Williams v. Manchester, 1-05-2126.

CourtUnited States Appellate Court of Illinois
Citation864 N.E.2d 963
Docket NumberNo. 1-05-2126.,1-05-2126.
PartiesMichelle WILLIAMS, Individually and as Special Administrator of the Estate of Baby Doe, Deceased, Plaintiff-Appellant, v. John C. MANCHESTER, Defendant-Appellee.
Decision Date16 March 2007
864 N.E.2d 963
Michelle WILLIAMS, Individually and as Special Administrator of the Estate of Baby Doe, Deceased, Plaintiff-Appellant,
John C. MANCHESTER, Defendant-Appellee.
No. 1-05-2126.
Appellate Court of Illinois, First District, Sixth Division.
March 16, 2007.

[864 N.E.2d 966]

Justice JOSEPH GORDON delivered the opinion of the court:

This is an appeal pursuant to Supreme Court Rule 304(a) (155 Ill.2d R. 304(a)) by plaintiff, Michelle Williams, individually, and as special administrator of the estate of Baby Doe, from the grant of summary judgment, on certain counts of her complaint for her own and Baby Doe's personal injuries, to defendant, John C. Manchester. Specifically, Williams contends that the circuit court erred when it granted summary judgment to Manchester on her claim under the Wrongful Death Act (740 ILCS 180/1 (West 2002)) for Baby Doe's death which came about after she terminated her pregnancy as a result, she contends, of injuries Manchester caused. Williams further contends that the court erred in granting summary judgment to Manchester on her claim for Baby Doe under the Survival Act (755 ILCS 5/27-6 (West 2002)). For the following reasons, we reverse the grant of summary judgment to Manchester on the wrongful death count, but affirm the grant of summary judgment on the survival count.

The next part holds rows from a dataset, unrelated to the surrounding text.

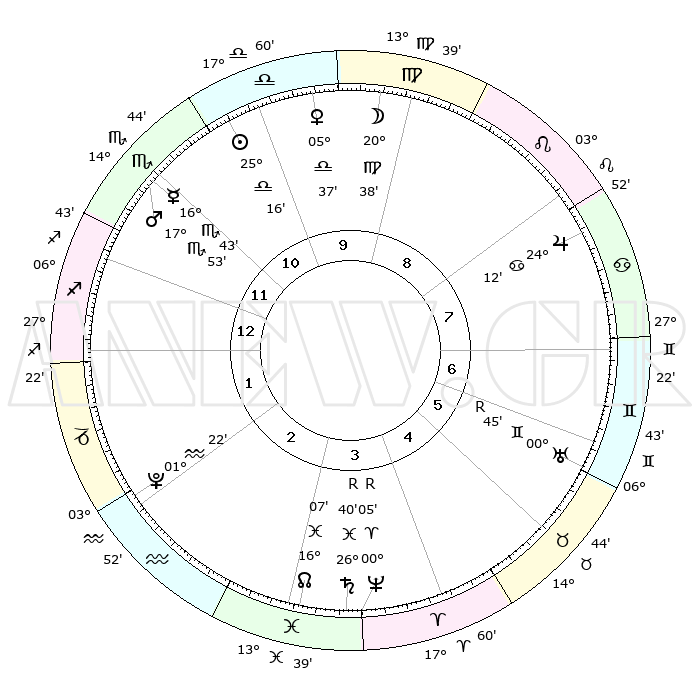 | ΘΕΣΕΙΣ ΠΛΑΝΗΤΩΝ ΑΣΤΡΟΛΟΓΙΚΟΥ ΧΑΡΤΗ ΤΗΣ ΣΤΙΓΜΗΣ ΑΥΤΗΣ | | Πλανήτης | Ζώδιο | Μοίρες | Δεκαήμ. | Σε οίκο | Απόκλιση | | Ακμές των οίκων | Ηλιος | Ζυγός | 24°55' | Τρίτο | 2 | 09 S 39 | | 1ος | 12°28' | Παρθένος | Σελήνη | Παρθένος | 16°15' | Δεύτερο | 1 | 05 N 34 | | 2ος | 07°34' | Ζυγός | Ερμής | Σκορπιός | 16°14' | Δεύτερο | 3 | 18 S 39 | | 3ος | 07°11' | Σκορπιός | Αφροδίτη | Ζυγός | 05°11' | Πρώτο | 1 | 00 S 39 | | 4ος | 10°08' | Τοξότης | Αρης | Σκορπιός | 17°38' | Δεύτερο | 3 | 17 S 20 | | 5ος | 13°36' | Αιγόκερως | Δίας | Καρκίνος | 24°11' | Τρίτο | 11 | 21 N 20 | | 6ος | 14°46' | Υδροχόος | Κρόνος | Ιχθείς | 26°41'R | Τρίτο | 7 | 03 S 36 | | 7ος | 12°28' | Ιχθείς | Ουρανός | Δίδυμοι | 00°46'R | Πρώτο | 9 | 20 N 06 | | 8ος | 07°34' | Κριός | Ποσειδώνας | Κριός | 00°06'R | Πρώτο | 7 | 01 S 13 | | 9ος | 07°11' | Ταύρος | Πλούτωνας | Υδροχόος | 01°22' | Πρώτο | 5 | 23 S 32 | | 10ος | 10°08' | Δίδυμοι | Β. Δεσμός | Ιχθείς | 16°08' | Δεύτερο | 7 | 05 S 28 | | 11ος | 13°36' | Καρκίνος | Ωροσκόπος | Παρθένος | 12°28' | Δεύτερο | | | 12ος | 14°46' | Λέων | Μεσουράνημα | Δίδυμοι | 10°08' | Δεύτερο | | | |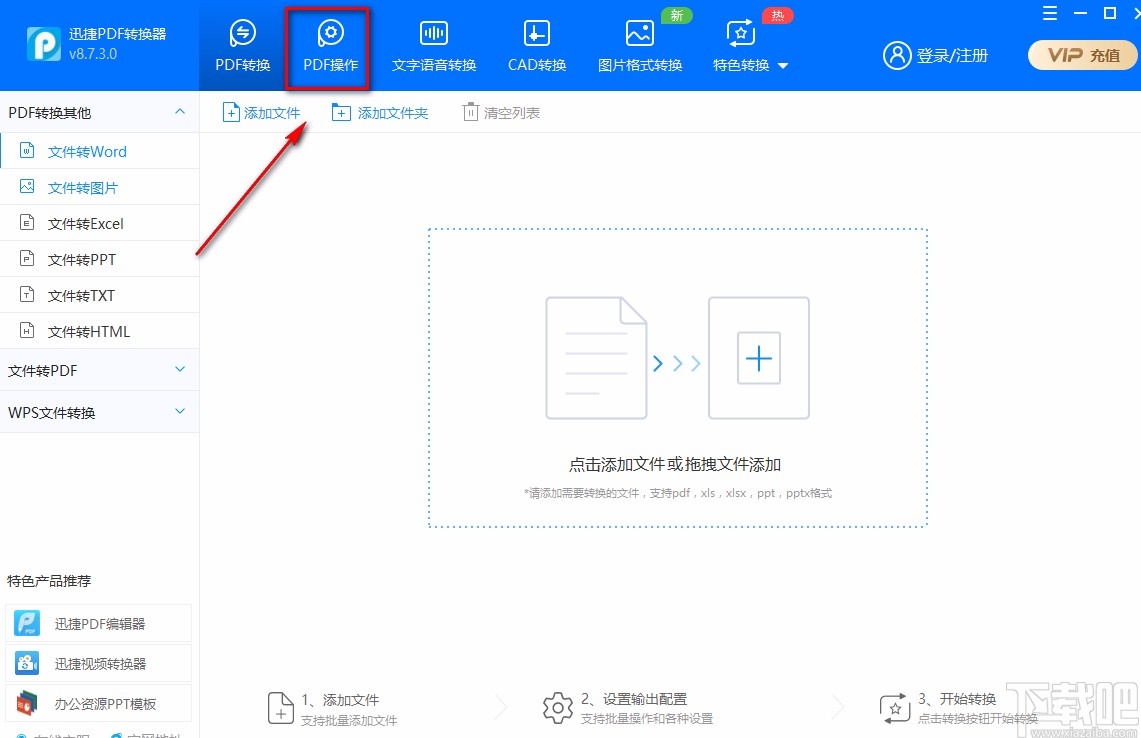 1.首先打开软件,我们在界面上方找到“PDF操作”选项,点击该选项就能进入到PDF操作页面。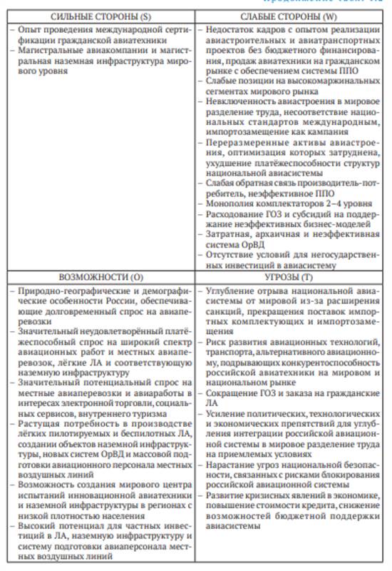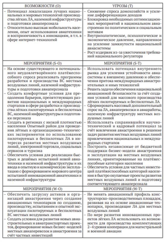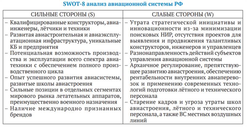 Для глубокого анализа сильных и слабых сторон национальной авиасистемы страны, существующих угрозы и возможностей (SWOT), а также вариантов выстраивания стратегии действий в сложившейся противоречивой ситуации, проведён SWOT-8 анализ (таблица 4.2, рисунок 3.1).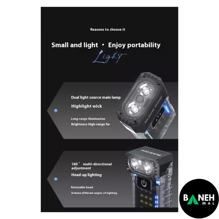 یکی از ویژگیهای برجسته چراغ قوه بلکداگ، قابلیت چرخش ۱۸۰ درجهای است. این ویژگی انعطافپذیری فوقالعادهای به محصول میدهد و امکان استفاده به عنوان چراغ پیشانی یا چراغ رومیزی را فراهم میکند. بنابراین کاربر میتواند زاویه نور را متناسب با نیاز خود تنظیم کند.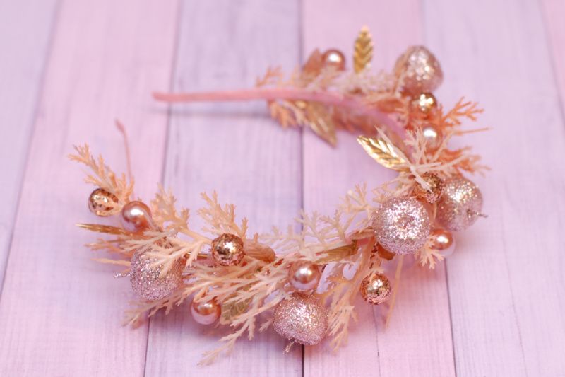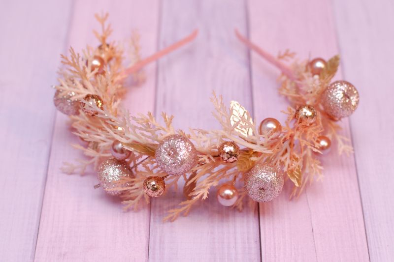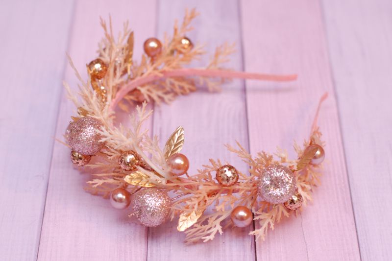 Новорічний обруч обідок у кольорі рожеве золото.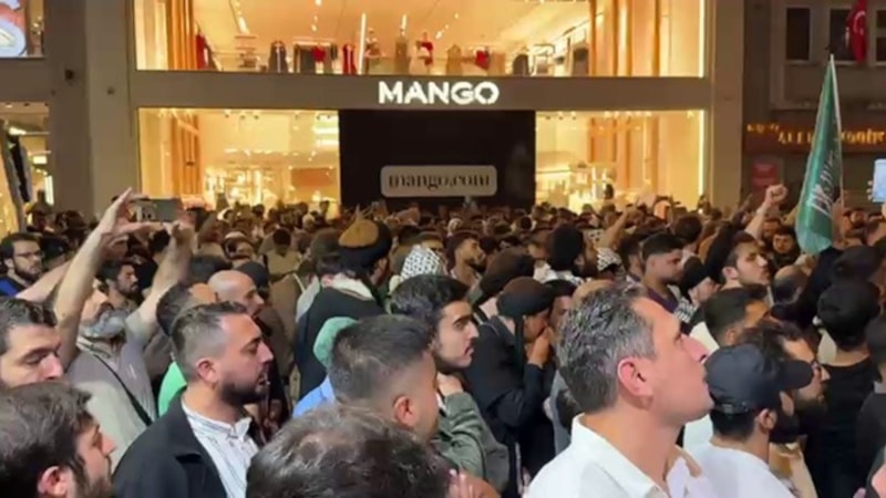 Leman dergisinde yayınlanan ve Hazreti Muhammed'i (s.a.v) hedef alan karikatüre tepki gösterenler, derginin önünde toplandı.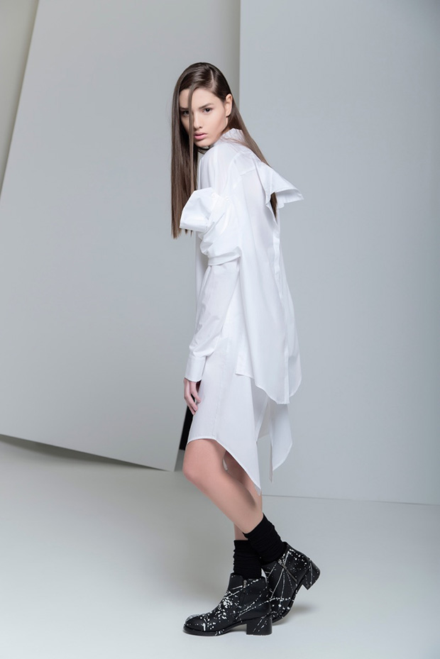 Sorprende una camicia ornata da un pannello che diventa quasi un grembiule, affermando il concetto che la camicia bianca diventa paradigma del minimalismo, presentandola morbida, lunga e svasata con collo a solino, maniche ampie e arricciature, gli scolli coreani minimali, ed infine camicie che diventano quasi mini abiti dall’ eleganza fragile, il popeline di cotone si fa pesante per il cotè androgino che si affianca alla seta strech femminilissima.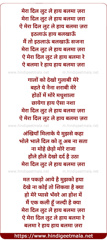 Lyrics of Mera Dil Loot Le - मेरा दिल लुट ले

On January 22, 2003, Williams filed a three-count complaint in the circuit court. The complaint alleged that she was a passenger in a car struck by Manchester's car on October 15, 2002, at the intersection of Montrose and Western Avenues in Chicago. Among other acts of negligence causing the collision, plaintiff alleged that Manchester failed to yield the right-of-way and turned left in front of the car in which Williams rode when it was unsafe to do so.

864 N.E.2d 967

In the first count of the complaint, Williams sought recovery for her own injuries on account of Manchester's alleged negligence. In the second count, Williams alleged that she was carrying a child who ultimately died as a result of the collision caused by Manchester and sought to recover for her child's wrongful death as administrator of Baby Doe's estate. Finally, in the third count, Williams, pleading for herself and Baby Doe, sought recovery for Manchester's alleged negligent infliction of emotional distress. As shall be more fully discussed below, Williams subsequently added a fourth count alleging the right of Baby Doe to recover for injuries he/she sustained before his/her death under the Survival Act.

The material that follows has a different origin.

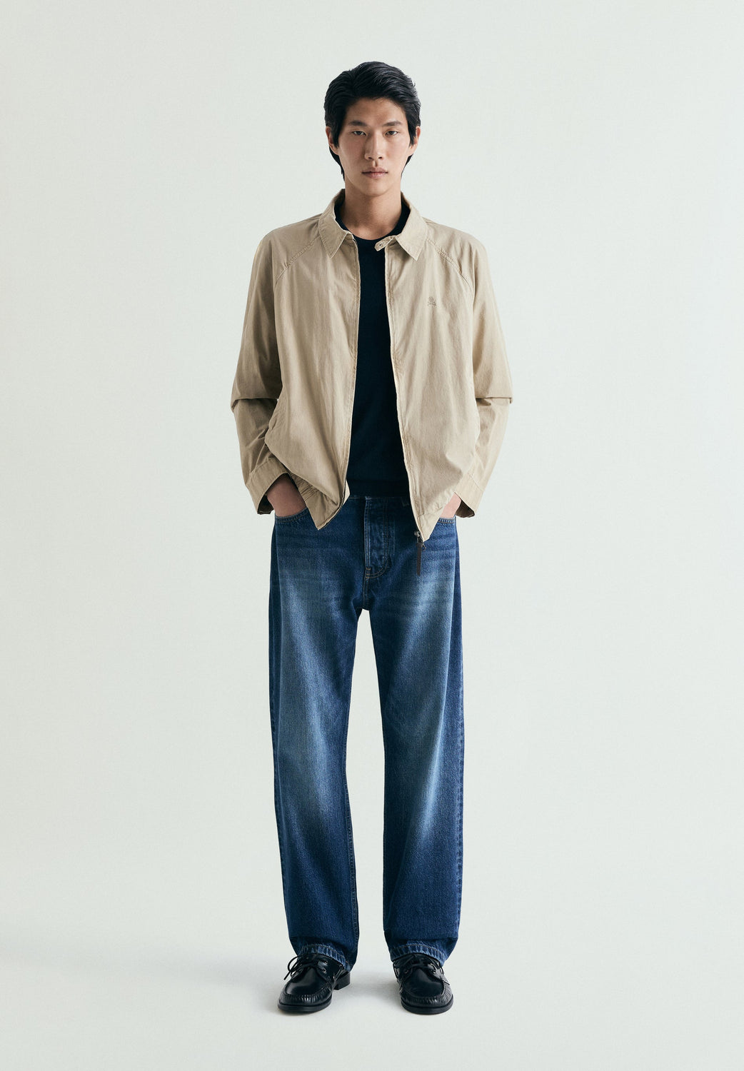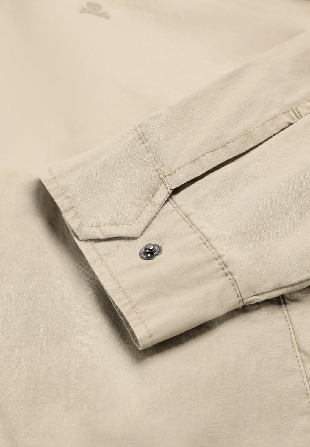 Bomber jacket made of 100% BCI cotton. Two side pockets with ribbed trim. Cross-strap collar with button fastening. Front double slider zip fastening. Matching embroidered skull on the chest.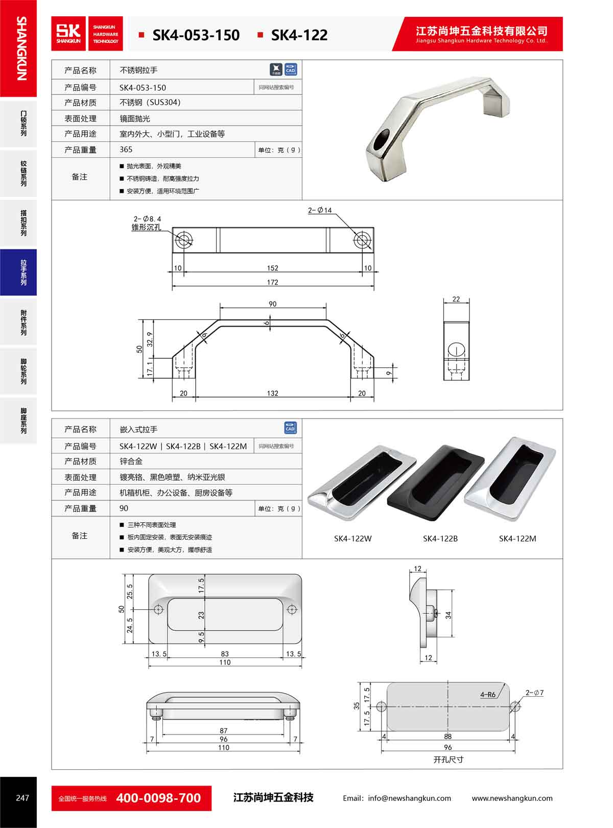產(chǎn)品名稱:尚坤SK4-053-150工業(yè)不銹鋼重型加厚方形拉手柜門(mén)把手手柄提手

Manchester, subsequently, filed an answer denying all pertinent allegations. He further filed a third-party complaint alleging that Michelle Popec, the driver of the car in which Williams was a passenger, caused the collision through her own negligent driving. Popec, in turn, answered Manchester's complaint, denying all pertinent allegations.

Manchester ultimately filed a motion for partial summary judgment attacking Williams' wrongful death and negligent infliction of emotional distress counts on November 29, 2004. In the motion, he argued that no wrongful death action for Baby Doe could lie because it was not his negligence that was the proximate cause of its death. Manchester contended:

"Neither the car accident, x-rays nor any other potential risks to the fetus was the proximate cause of the fetus' death. Rather, it resulted from Plaintiff's voluntary decision to undergo [an] abortion procedure. * * * Plaintiff elected to have an abortion so that she could undergo a course of medical treatment for her own benefit. Plaintiff elected of her own volition to proceed with* * * hip surgery despite being provided options that would have allowed her to postpone surgery and forego termination of the pregnancy."

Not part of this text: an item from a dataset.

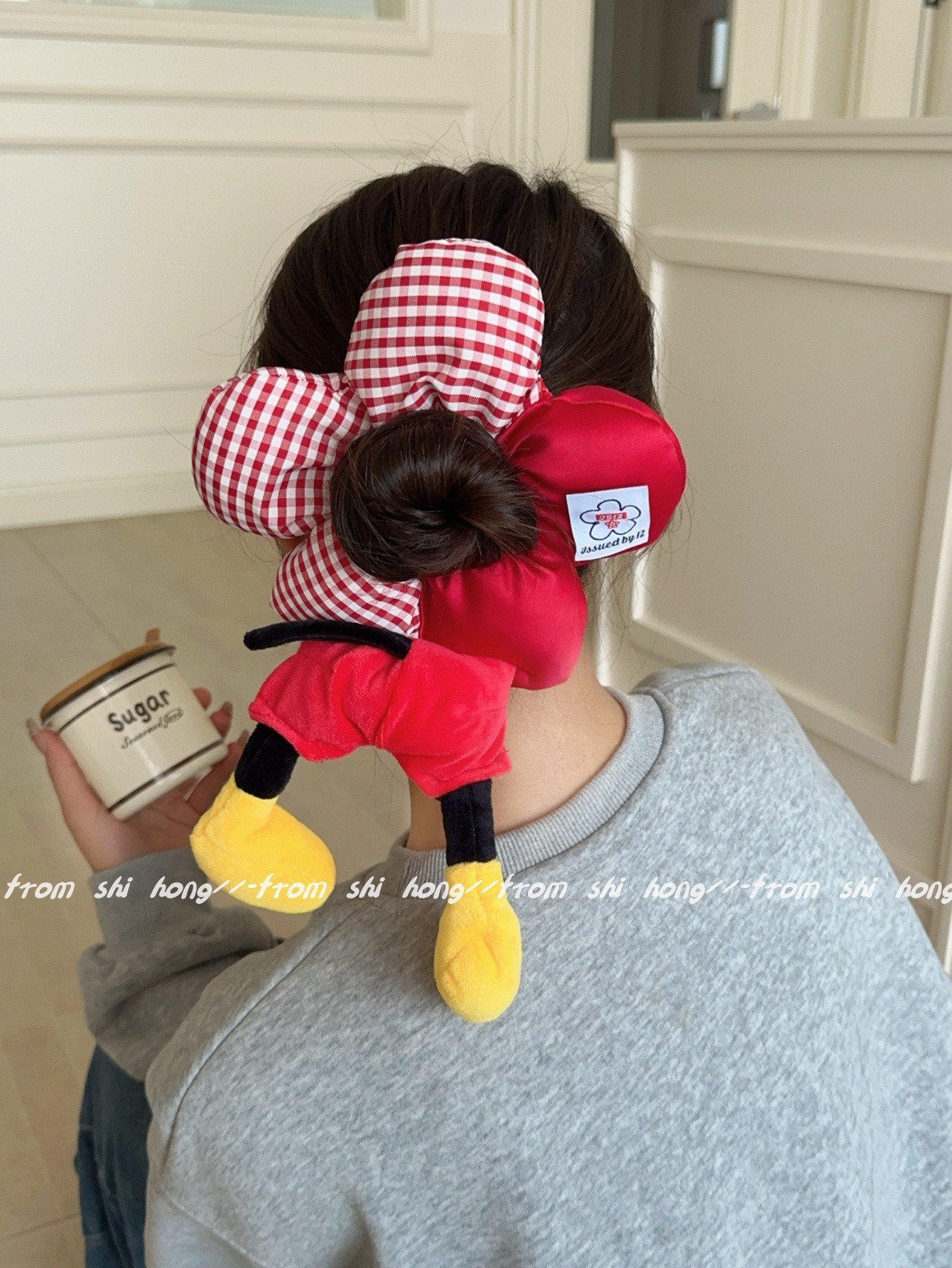 • 붉은 체크무늬 미키 머리끈~업그레이드 버전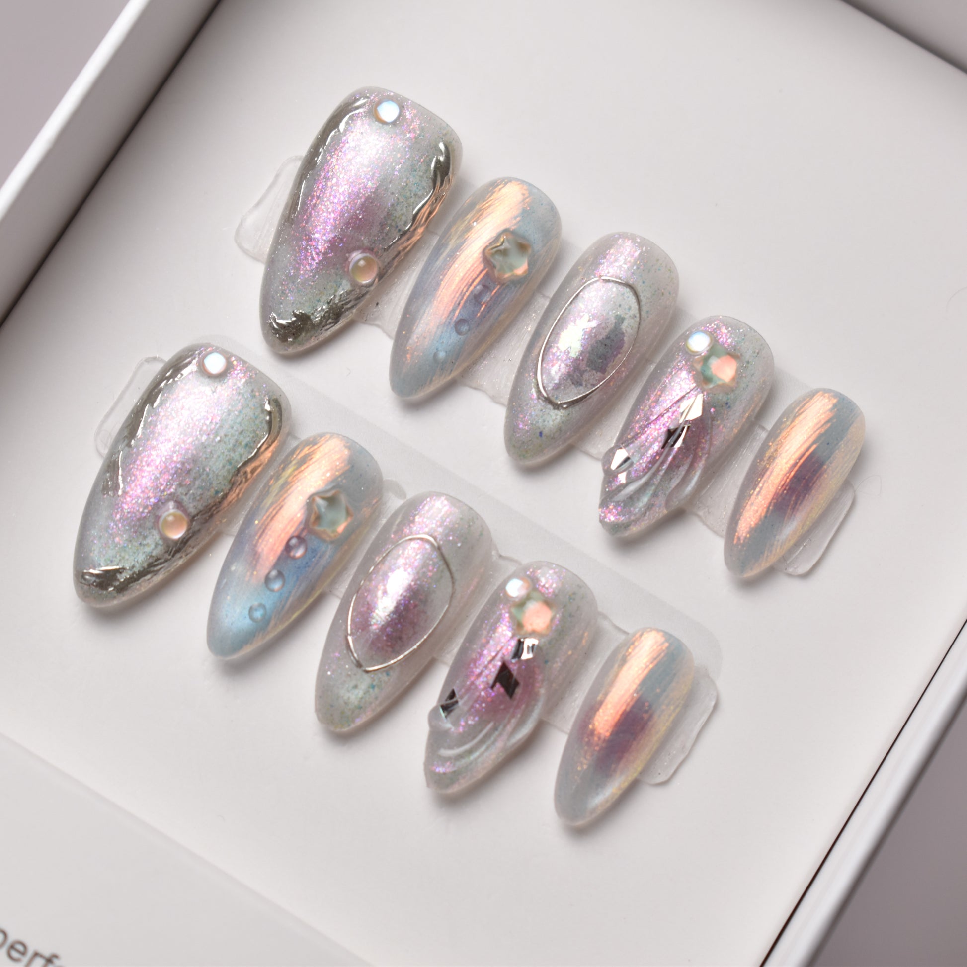 - 10 uniquely designed, hand-painted press-on nails made with high-quality UV gel.

Manchester argued that Williams' negligent infliction of emotional distress claim must also fail for lack of causation, and that, further, she could present no proof of actionable emotional distress since she never sought treatment for that alleged distress.

Williams countered that, but for medical considerations stemming from Manchester's negligence, she would not have terminated the pregnancy, making his negligence the cause-in-fact of Baby Doe's death. Williams disputed that, under the circumstances of increased medical risks to Baby Doe and herself in maintaining the pregnancy, her abortion could be characterized as "elective." Williams further argued that the termination of the pregnancy was a reasonably foreseeable result of his negligently causing the collision, which would establish his negligence as the proximate cause of Baby Doe's death.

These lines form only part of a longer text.